Keep noting flavors of release,
Which may be more subtle when you're breathing normally,
But subtle is significant.
And you can rewire your nervous system just as much with noting subtle sensations as with noting bigger sensations.
Just soak into these flavors of release,
Feeling the pleasant letting go and settling that is created.
Release.
Release.
Release.
Release.
Release.
Repeat.
Release.
Release.
Release.
Release.
Release.
Release.
Release.
Each wave takes you further,
Deeper into relaxation.
Release.
Release.
Release.
Release.
Release.
Release.
Release.
Release.
Release.
Release.
Release.
Release.
Release.
Release.
Release.
Release.
Release.
Release.
Release.
Release.
Release.
Release.
Release.
Release.
Release.
Release.
Blank.
Blank.
Blank.
Blank.
Blank.
Blank.
Blank.
Blank.
Blank.
Blank.
Blank.
Blank.
Blank.
Blank.
Blank.
Blank.
Blank.
Blank.
Good.
So now,
For the last few minutes of this meditation,
We can play with combining these two restful experiences.

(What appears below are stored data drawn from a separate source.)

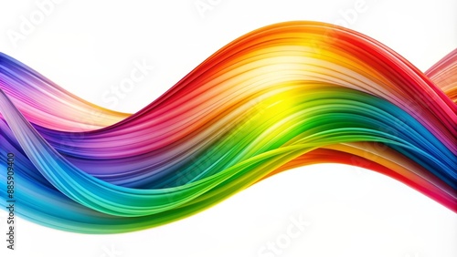 Vibrant, swirling, abstract rainbow wave form undulates across a clean, crisp white background, exuding energy, dynamism, and mesmerizing visual appeal.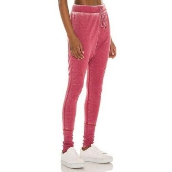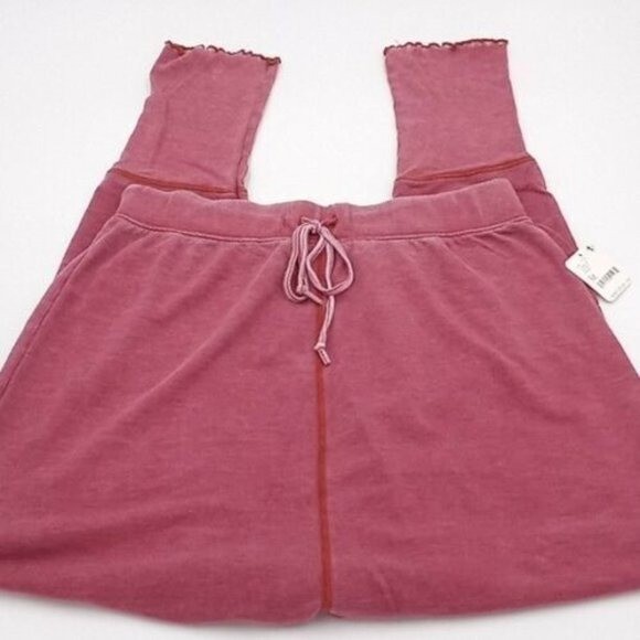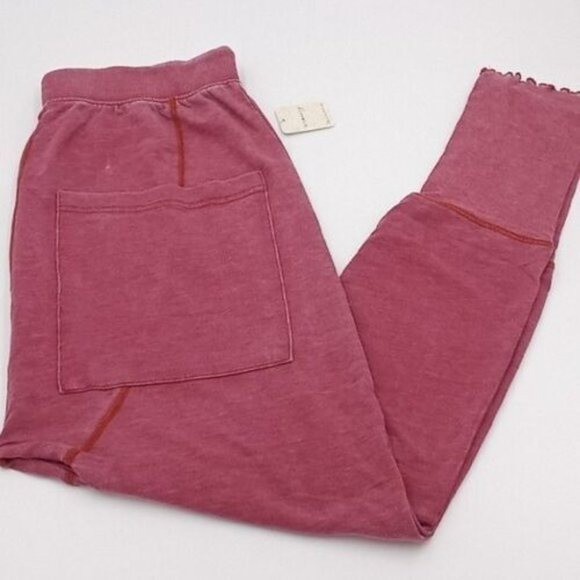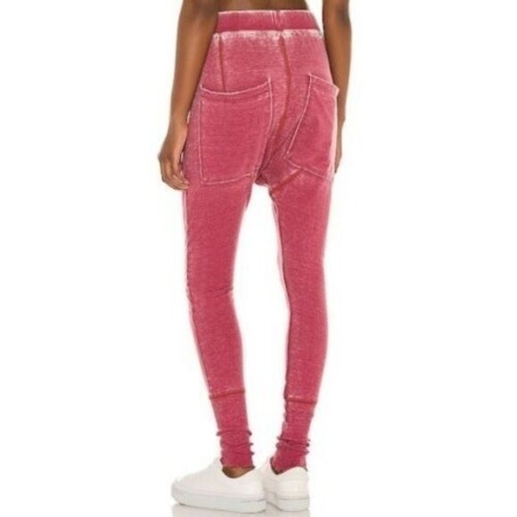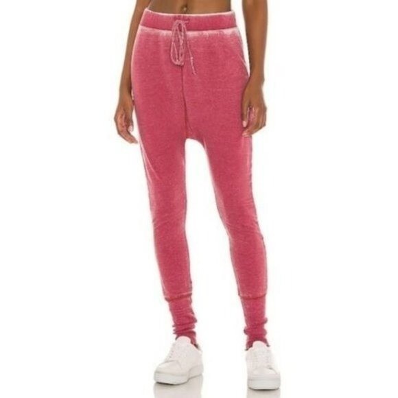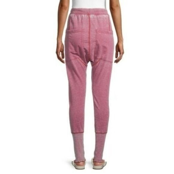 "Winding Roads" Red/Pink Cozy All Day Harem Leggings in Size Medium by Free People. - Red / pink rose color - Comfy, slouchy jogger - Drop-crotch harem style - Drawstring waistband - Lettuce-edge rib-knit cuffs - Pull-on style - Back patch pockets - Lightweight, loungewear style - Machine wash - 54% Polyester / 46% Cotton - Style #OB1255017 Brand new with tags!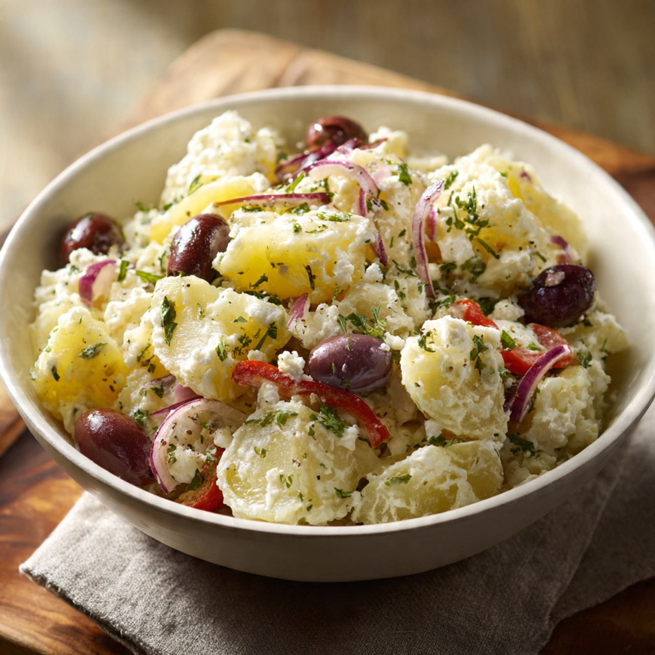 A fresh Mediterranean-style potato salad made with tender potatoes, Kalamata olives, crisp vegetables, feta cheese, and a light olive oil and red wine vinegar dressing.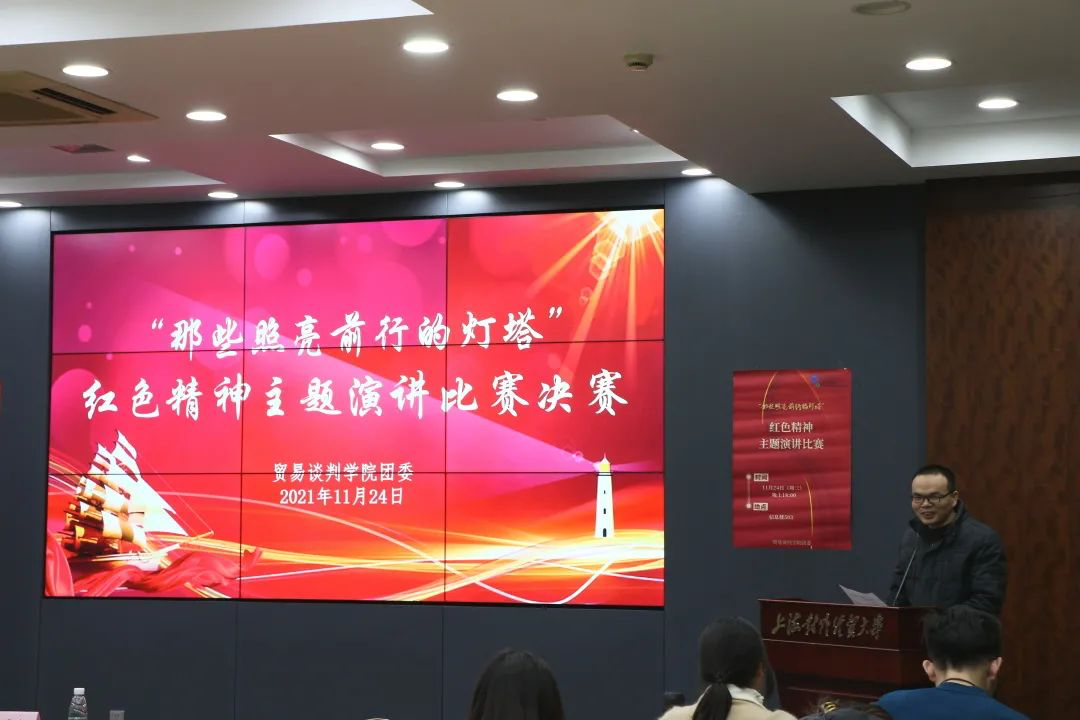 為引導(dǎo)同學(xué)們深入開(kāi)展黨史學(xué)習(xí),弘揚(yáng)偉大建黨精神,賡續(xù)紅色血脈、踐行責(zé)任擔(dān)當(dāng),11月24日晚,由貿(mào)易談判學(xué)院團(tuán)委舉辦的“那些照亮前行的燈塔”紅色精神主題演講比賽決賽在信息樓503順利舉行。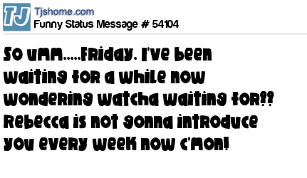 X says So umm.....Friday. I've been waiting for a while now wondering watcha waiting for?? Rebecca is not gonna introduce you every week now c'mon!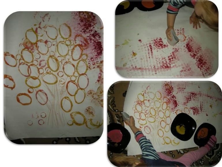 Начали с нового средства для рисования, Вика только увидела, сразу схватила и принялась рисовать и пока краску с этой тарелки не вырисовала не успокоилась))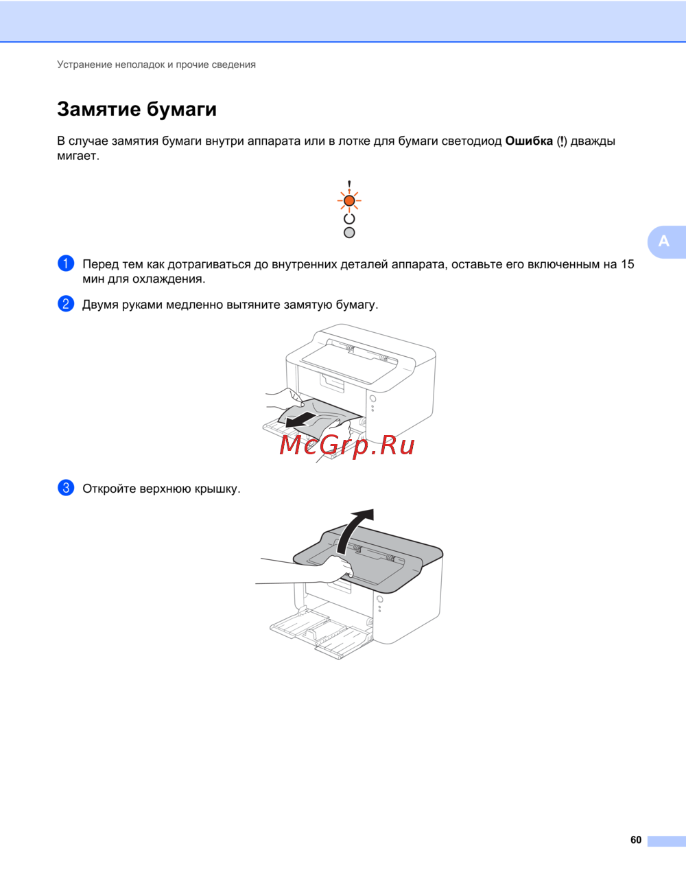 В случае замятия бумаги внутри аппарата или в лотке для бумаги светодиод Ошибка () дважды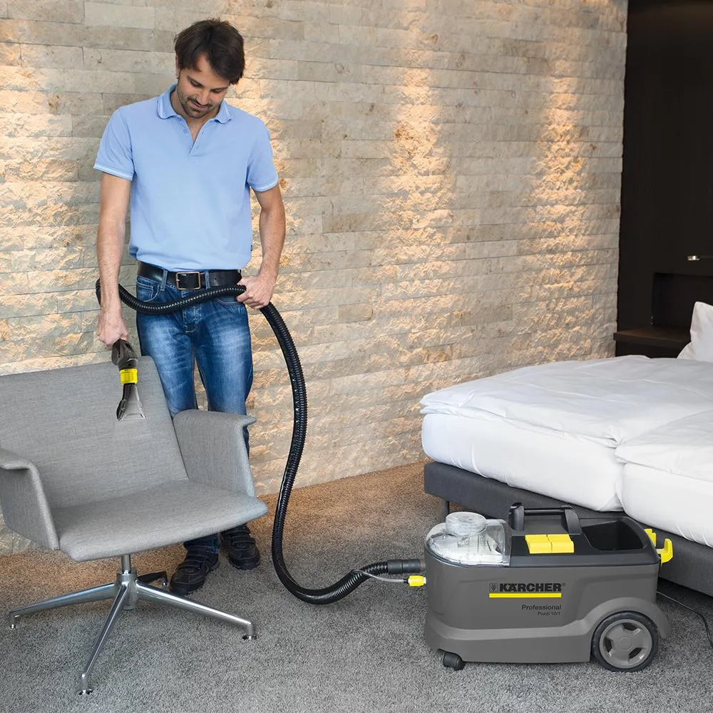 استمتع بنظافة فندقية لأثاثك مع كلين تاتش نأتيك بأقوى جهاز غسيل (Karcher Puzzi 10/1) إلى باب منزلك مع باقات مرنة تناسب احتياجك. التوصيل والتحصيل مجاناً (للأحياء القريبة). شامل عبوتين منظف كيرشر الألماني الأصلي (هدية). شرح فيديو لضمان أفضل نتيجة. متطلبات التأجير: إبراز الهوية الوطنية. توقيع عقد إيجار . مبلغ تأمين مسترد عند سلامة الجهاز.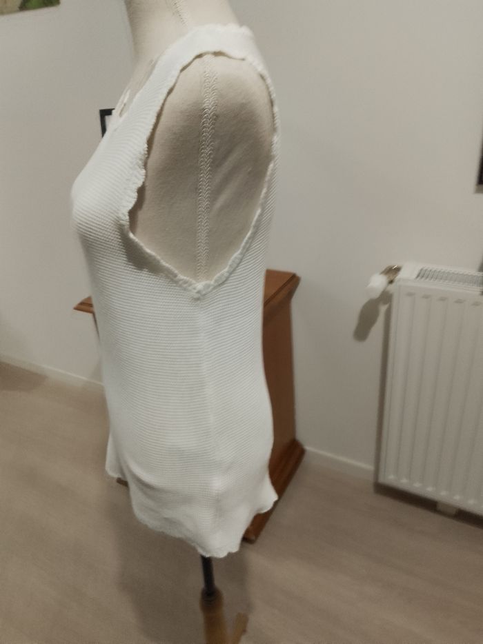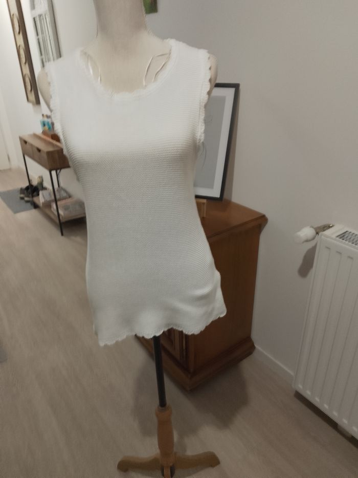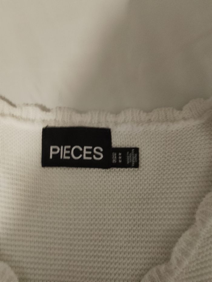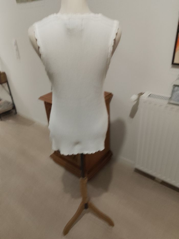 Pull débardeur blanc en coton, sans manches, raz du cou, bordures façon dentelles, cordons de maintien aux épaules, toutes saisons toutes saisons, femme, hauteur totale: 63 cm, aisselle à aisselle : 40 cm, largeur base: 45 cm, '' PIECES '', T: M/38/40, porté quelques fois, aucun accrocs, aucune tâches, Lavé, non repassé), très bon état, prêt à porter.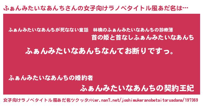 | 男性向けラノベタイトル風あだ名 | 『魔法科高校のふぁんみたいなあんち』 |

And you have the option of doing whatever feels best for you.
You can stay with blank and maybe allow some peripheral awareness to open up and notice release in the body.
Maybe just on the breath out.
Blank.
Release.
Staying with blank.
Noticing release on the outside.
Or you could move gently between blank and release.
Maybe a label or two in one and a label or two in the other.
Whatever feels good for you.
Blank.
Blank.
Release.
Or if you'd rather,
You can just stay parked in blank or just hang out with the release in the body for the last few minutes.
Blank.
Good.
Notice if you feel more relaxed and if the mind is more settled.
That was time well spent.
You found a resting place for the body and a resting place for the mind where you can park without engaging the thinking process.
And know that both blank and release are available at any moment in your day.
You can always just pause for a few breaths of release and a few breaths of blank and then maybe both for a few breaths.
And you will have soothed your nervous system.
It's a great act of kindness.
And now I invite you to allow any experience of release,
Relaxation,
Ease,
Focus from this meditation to continue after the end of this meditation to become part of the fabric of your moment to moment experience.
I'm Stephanie Nash and it has been my pleasure to facilitate this journey.
May you have more ease in your life.